◆ Records contained in a dataset

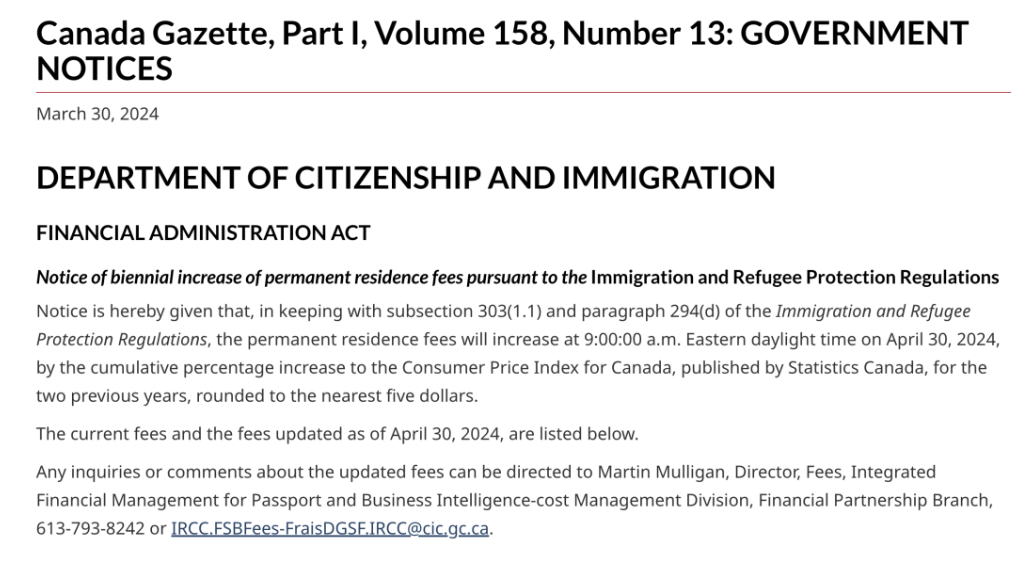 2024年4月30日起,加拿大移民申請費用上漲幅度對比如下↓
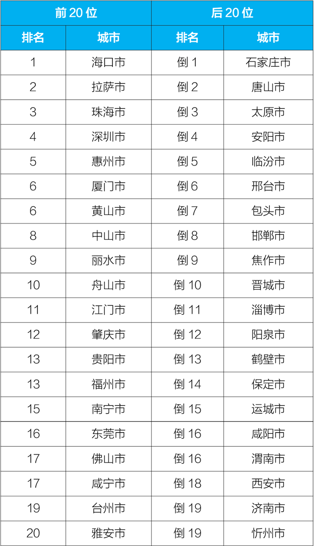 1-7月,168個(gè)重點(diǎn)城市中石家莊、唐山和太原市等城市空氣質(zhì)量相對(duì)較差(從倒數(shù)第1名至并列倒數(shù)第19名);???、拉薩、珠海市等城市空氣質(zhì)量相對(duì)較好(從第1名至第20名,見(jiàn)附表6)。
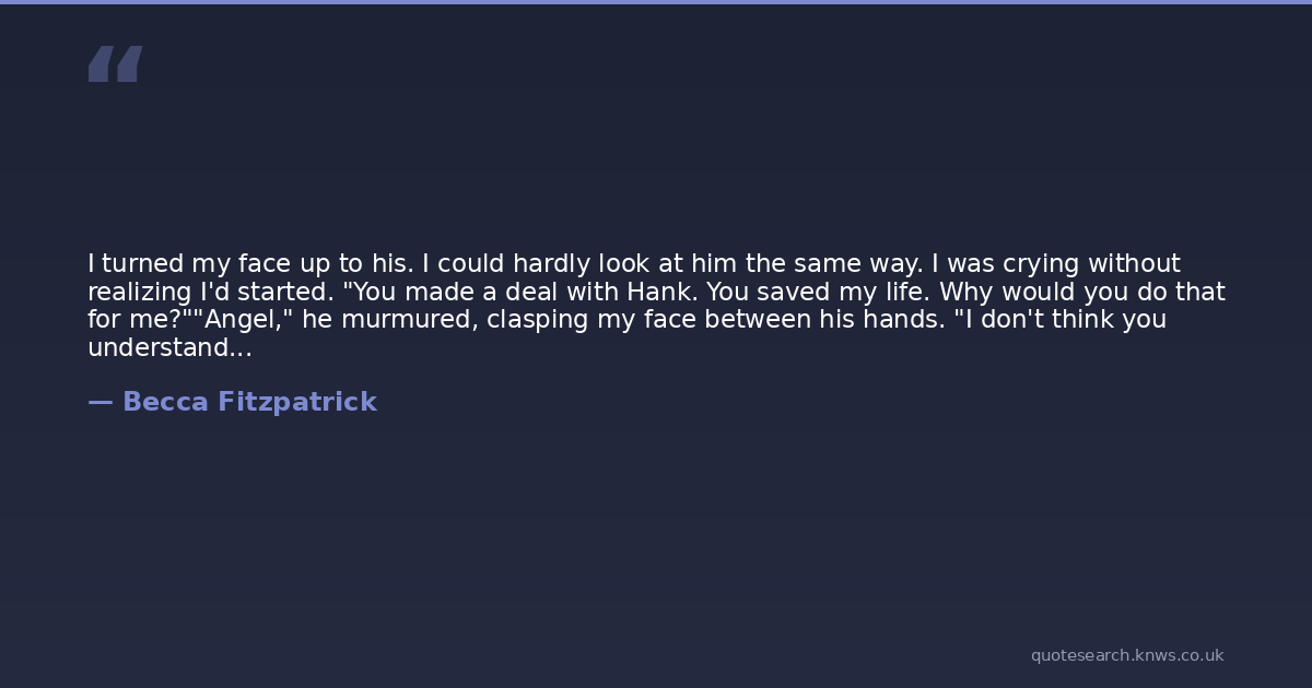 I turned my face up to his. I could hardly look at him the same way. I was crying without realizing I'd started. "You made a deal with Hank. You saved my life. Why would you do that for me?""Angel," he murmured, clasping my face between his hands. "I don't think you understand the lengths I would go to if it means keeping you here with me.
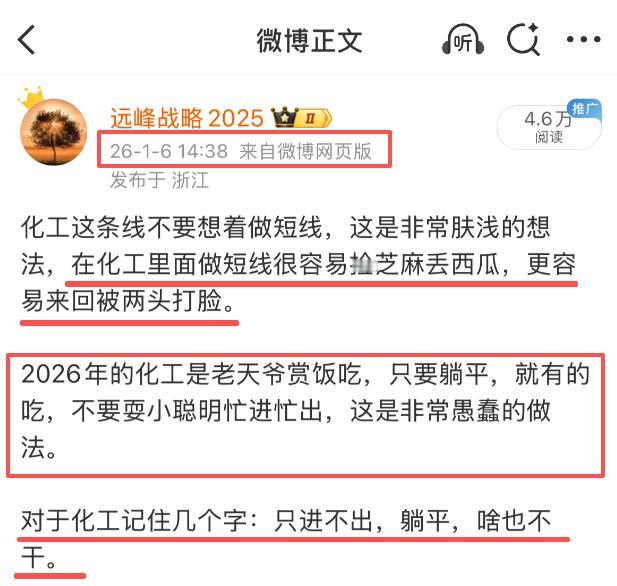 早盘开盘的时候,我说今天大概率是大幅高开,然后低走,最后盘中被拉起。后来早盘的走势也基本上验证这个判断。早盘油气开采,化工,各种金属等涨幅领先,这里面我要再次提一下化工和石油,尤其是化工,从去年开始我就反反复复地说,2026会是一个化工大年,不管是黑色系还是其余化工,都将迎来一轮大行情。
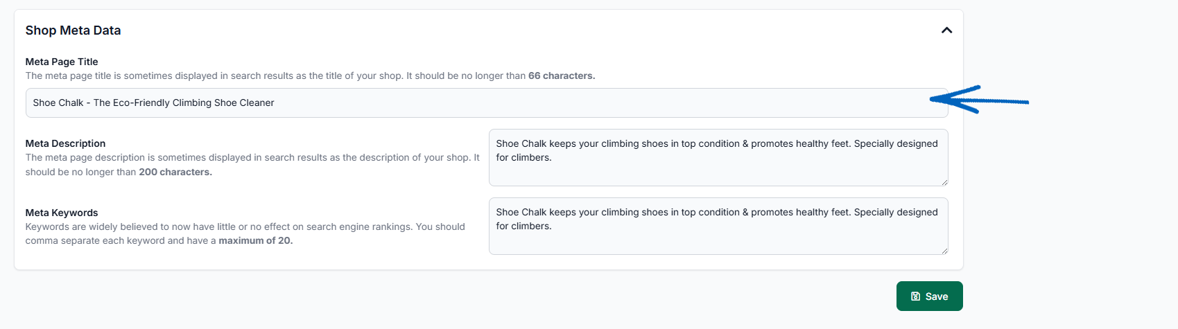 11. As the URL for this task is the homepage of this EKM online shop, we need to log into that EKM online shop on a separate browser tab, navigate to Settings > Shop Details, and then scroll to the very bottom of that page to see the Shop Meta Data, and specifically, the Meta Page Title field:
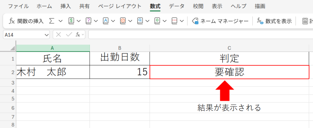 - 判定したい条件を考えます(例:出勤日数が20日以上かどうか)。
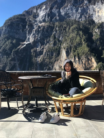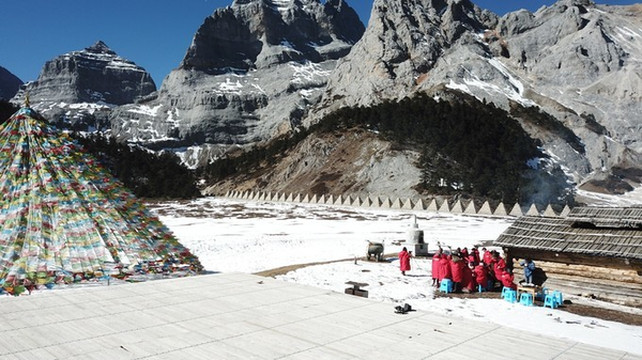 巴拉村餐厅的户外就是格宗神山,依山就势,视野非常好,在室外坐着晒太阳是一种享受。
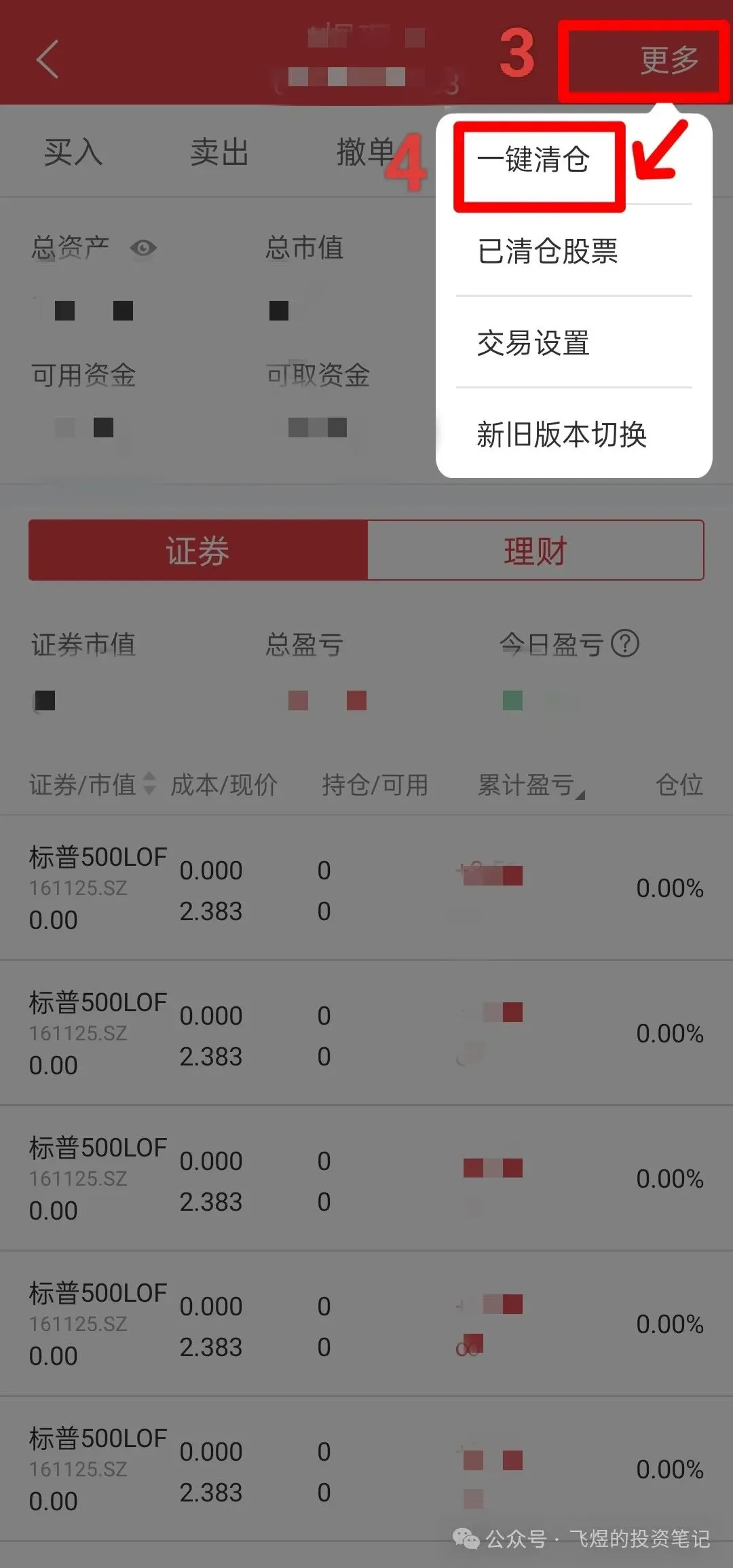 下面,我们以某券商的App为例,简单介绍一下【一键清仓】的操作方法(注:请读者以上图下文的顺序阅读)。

◆ What is needed
Leaving the pictures aside, transcribe exactly the lines from the one containing "- 判定したい条件を考えます(例:出勤日数が20日以上かどうか)。" to the final line of the entries above, both ends included.

◆ Completed exercise
 - 判定したい条件を考えます(例:出勤日数が20日以上かどうか)。
 巴拉村餐厅的户外就是格宗神山,依山就势,视野非常好,在室外坐着晒太阳是一种享受。
 下面,我们以某券商的App为例,简单介绍一下【一键清仓】的操作方法(注:请读者以上图下文的顺序阅读)。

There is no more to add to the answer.